-- Information follows --
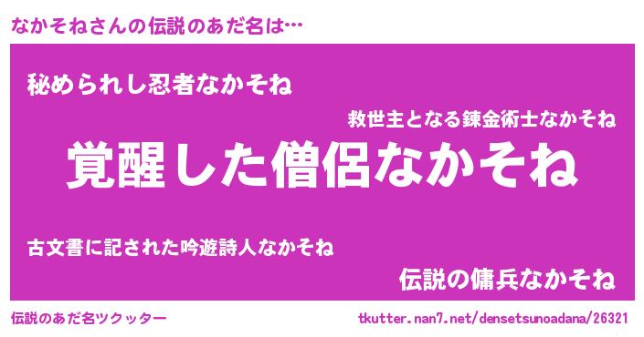 | 意味不明あだ名 | 『自称なかそね』『しいたけ科なかそね属』 |
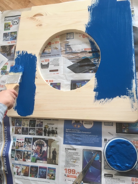 Als die Sägearbeiten erledigt waren-begann ich mit dem Abschleifen der Ränder, damit sich niemand einen Splitter zieht. Der Prinz hatte sich blaue Wetter-Dauerschutz-Lasur ausgesucht und für das Waschbecken hatten wir noch einen Kieferton-den wir für das Hochbeet genutzt hatten.
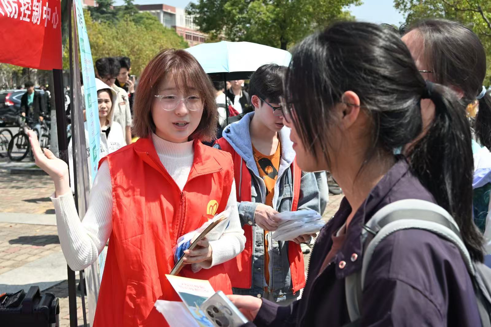 3月24日,汀香园食堂前坪设立了宣传咨询点。现场滚动播放结核病防治知识,宣传展板详细介绍了结核病的发病原因、传播途径、症状表现以及预防治疗方法等。工作人员和志愿者们向过往师生发放结核病防治宣传手册和纪念品,并耐心解答大家提出的关于结核病防治的疑问。同学们纷纷驻足展板前仔细阅读,或拿着宣传资料认真询问,现场气氛热烈。
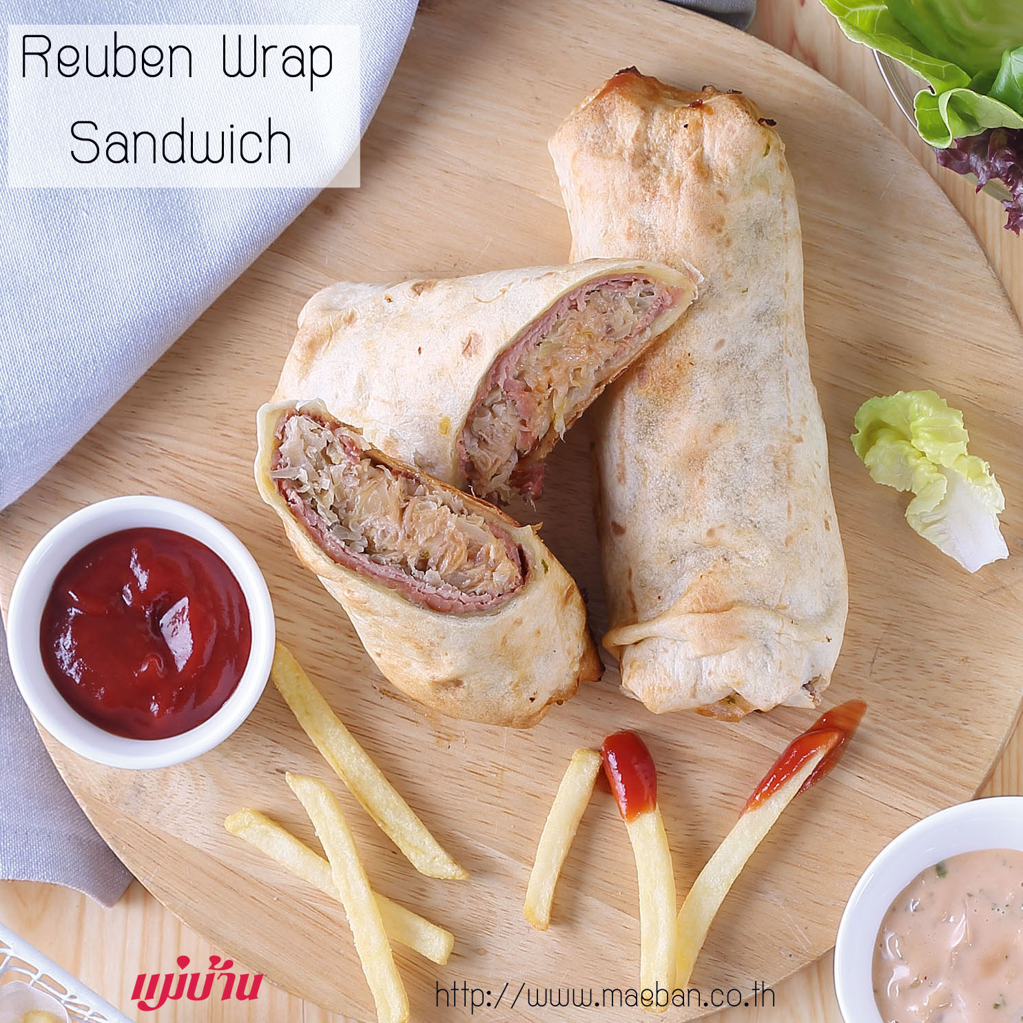 2. วางสวิสชีส เนื้อวัว และกะหล่ำปลีดอง ลงบนแผ่นแป้ง ราดน้ำสลัดเทาซันด์ไอส์แลนด์ ม้วนให้แน่น พับแป้งปิดทั้ง 2 ด้าน ใช้ไม้จิ้มฟันกลัดให้แน่น
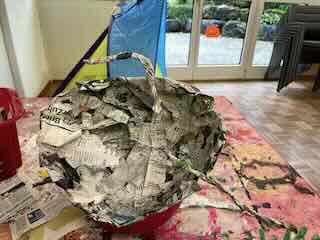 Am Nachmittag machte ich einen Mund aus Papier und die Augen male ich.
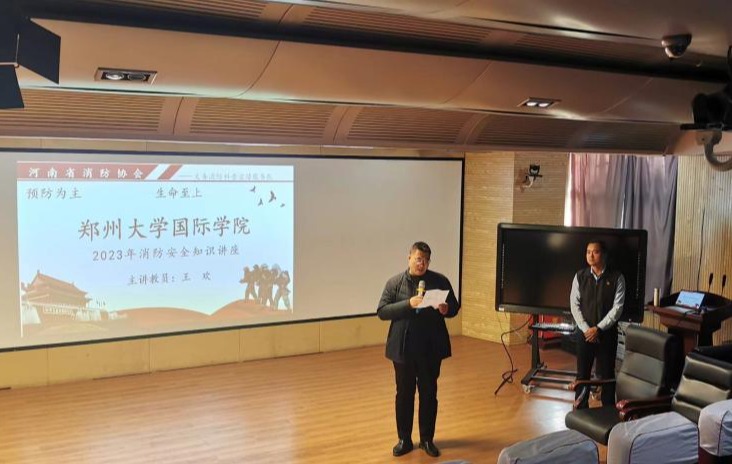 “预防为主,生命至上”消防安全知识主题讲座在郑州大学南校园14号教学楼201会议室举行,国际学院特邀河南省消防协会教员王欢作为本次讲座的主讲人。王欢教员列举大量火灾案,警示师生要重视消防安全,并从初期火灾处置和疏散逃生方法、日常宿舍办公室防火注意事项等方面深入系统讲授了应知应会的消防安全常识,并示范了部分消防器具如防毒面具的正确使用方法。最后,王教员提醒我院师生,“消防无小事”,一定要做到“人走电断”,防止火灾发生。
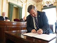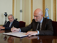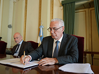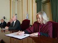 Durante el acto rubricaron el proyecto de ley el presidente del CMFBSAS, Matías Rappazzo; la presidenta de la Comisión de Funcionarios de esa entidad, Erika Rodríguez Merino; el presidente del Colegio de Abogados de la provincia de Buenos Aires (COLPROBA), Bienvenido Rodríguez Basalo; y el secretario general de la AJB, Hugo Daniel Russo.
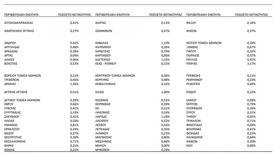 Συγκεκριμένα, το υψηλότερο ποσοστό ανάμεσα στις περιοχές εντοπίζεται στην Δράμα με θετικότητα 1,36% και ακολουθεί η Καβάλα με 1,19%.
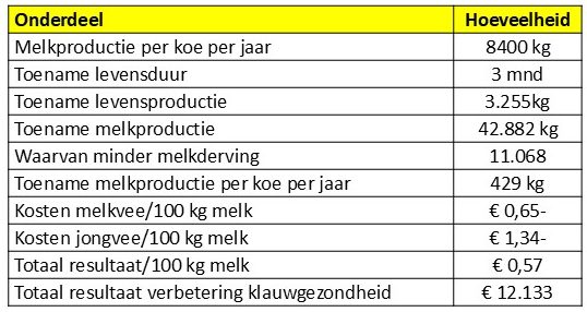Onderzoek heeft uitgewezen dat de directe kosten van klauwproblemen gemiddeld € 56,- per koe per jaar bedragen. De kosten op individuele bedrijven kunnen oplopen tot wel € 150,- per koe per jaar. De gederfde melkopbrengst is de grootste schadepost bij klauwproblemen. Worden de gevolgen voor de levensduur en de noodzakelijke vervanging meegerekend, dan zijn de kosten nog veel hoger (zie tabel hiernaast)
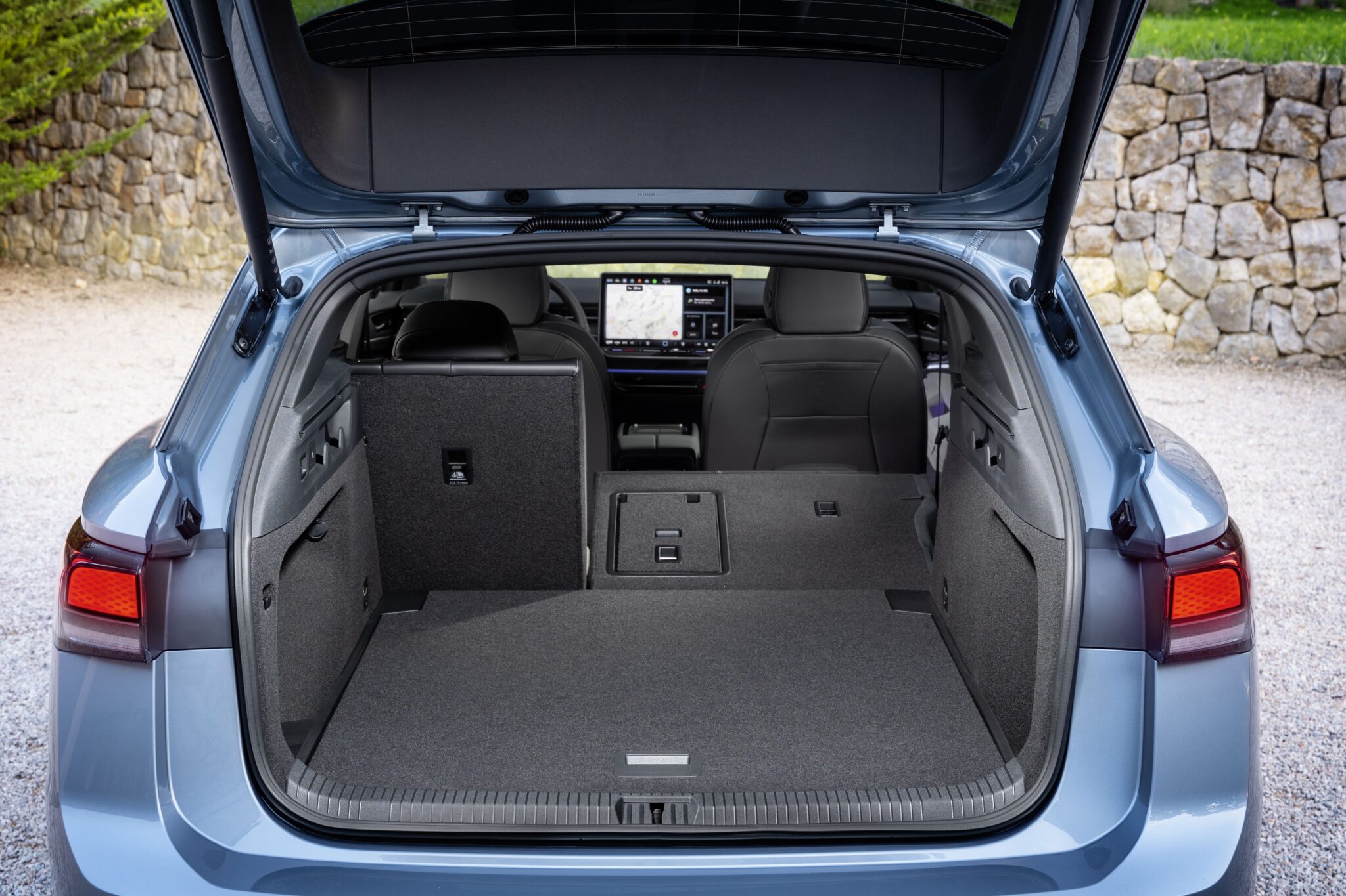 Der ID.7 Tourer differenziert sich im Heckbereich deutlich von der Schräghecklimousine. Prägend für das Design des elektrischen Kombis sind besonders die lange Dachlinie und deren eleganter Übergang in die Heckklappe. Stilistisch ist der Tourer eine Fusion aus einem klassischen Variant vom Format des Passat und einem dynamischen Shooting Brake im Stile des Arteon. Durch das Plus an Höhe im Heck ergibt sich gegenüber der Schräghecklimousine ein nochmals vergrößertes Kofferraumvolumen: Mit fünf Personen an Bord nimmt der ID.7 Tourer ein Gepäckvolumen von bis zu 605 Litern auf (Rücksitzbanklehne in der Cargo-Stellung). Bis an die Lehnen der Vordersitze und dachhoch beladen, steigt dieser Wert auf bis zu 1.714 Liter.
-- Information concluded --
*Requirement*. Return the whole listing exactly, minus its pictures.

*Answer to the exercise*.
 | 意味不明あだ名 | 『自称なかそね』『しいたけ科なかそね属』 |
 Als die Sägearbeiten erledigt waren-begann ich mit dem Abschleifen der Ränder, damit sich niemand einen Splitter zieht. Der Prinz hatte sich blaue Wetter-Dauerschutz-Lasur ausgesucht und für das Waschbecken hatten wir noch einen Kieferton-den wir für das Hochbeet genutzt hatten.
 3月24日,汀香园食堂前坪设立了宣传咨询点。现场滚动播放结核病防治知识,宣传展板详细介绍了结核病的发病原因、传播途径、症状表现以及预防治疗方法等。工作人员和志愿者们向过往师生发放结核病防治宣传手册和纪念品,并耐心解答大家提出的关于结核病防治的疑问。同学们纷纷驻足展板前仔细阅读,或拿着宣传资料认真询问,现场气氛热烈。
 2. วางสวิสชีส เนื้อวัว และกะหล่ำปลีดอง ลงบนแผ่นแป้ง ราดน้ำสลัดเทาซันด์ไอส์แลนด์ ม้วนให้แน่น พับแป้งปิดทั้ง 2 ด้าน ใช้ไม้จิ้มฟันกลัดให้แน่น
 Am Nachmittag machte ich einen Mund aus Papier und die Augen male ich.
 “预防为主,生命至上”消防安全知识主题讲座在郑州大学南校园14号教学楼201会议室举行,国际学院特邀河南省消防协会教员王欢作为本次讲座的主讲人。王欢教员列举大量火灾案,警示师生要重视消防安全,并从初期火灾处置和疏散逃生方法、日常宿舍办公室防火注意事项等方面深入系统讲授了应知应会的消防安全常识,并示范了部分消防器具如防毒面具的正确使用方法。最后,王教员提醒我院师生,“消防无小事”,一定要做到“人走电断”,防止火灾发生。
 Durante el acto rubricaron el proyecto de ley el presidente del CMFBSAS, Matías Rappazzo; la presidenta de la Comisión de Funcionarios de esa entidad, Erika Rodríguez Merino; el presidente del Colegio de Abogados de la provincia de Buenos Aires (COLPROBA), Bienvenido Rodríguez Basalo; y el secretario general de la AJB, Hugo Daniel Russo.
 Συγκεκριμένα, το υψηλότερο ποσοστό ανάμεσα στις περιοχές εντοπίζεται στην Δράμα με θετικότητα 1,36% και ακολουθεί η Καβάλα με 1,19%.
Onderzoek heeft uitgewezen dat de directe kosten van klauwproblemen gemiddeld € 56,- per koe per jaar bedragen. De kosten op individuele bedrijven kunnen oplopen tot wel € 150,- per koe per jaar. De gederfde melkopbrengst is de grootste schadepost bij klauwproblemen. Worden de gevolgen voor de levensduur en de noodzakelijke vervanging meegerekend, dan zijn de kosten nog veel hoger (zie tabel hiernaast)
 Der ID.7 Tourer differenziert sich im Heckbereich deutlich von der Schräghecklimousine. Prägend für das Design des elektrischen Kombis sind besonders die lange Dachlinie und deren eleganter Übergang in die Heckklappe. Stilistisch ist der Tourer eine Fusion aus einem klassischen Variant vom Format des Passat und einem dynamischen Shooting Brake im Stile des Arteon. Durch das Plus an Höhe im Heck ergibt sich gegenüber der Schräghecklimousine ein nochmals vergrößertes Kofferraumvolumen: Mit fünf Personen an Bord nimmt der ID.7 Tourer ein Gepäckvolumen von bis zu 605 Litern auf (Rücksitzbanklehne in der Cargo-Stellung). Bis an die Lehnen der Vordersitze und dachhoch beladen, steigt dieser Wert auf bis zu 1.714 Liter.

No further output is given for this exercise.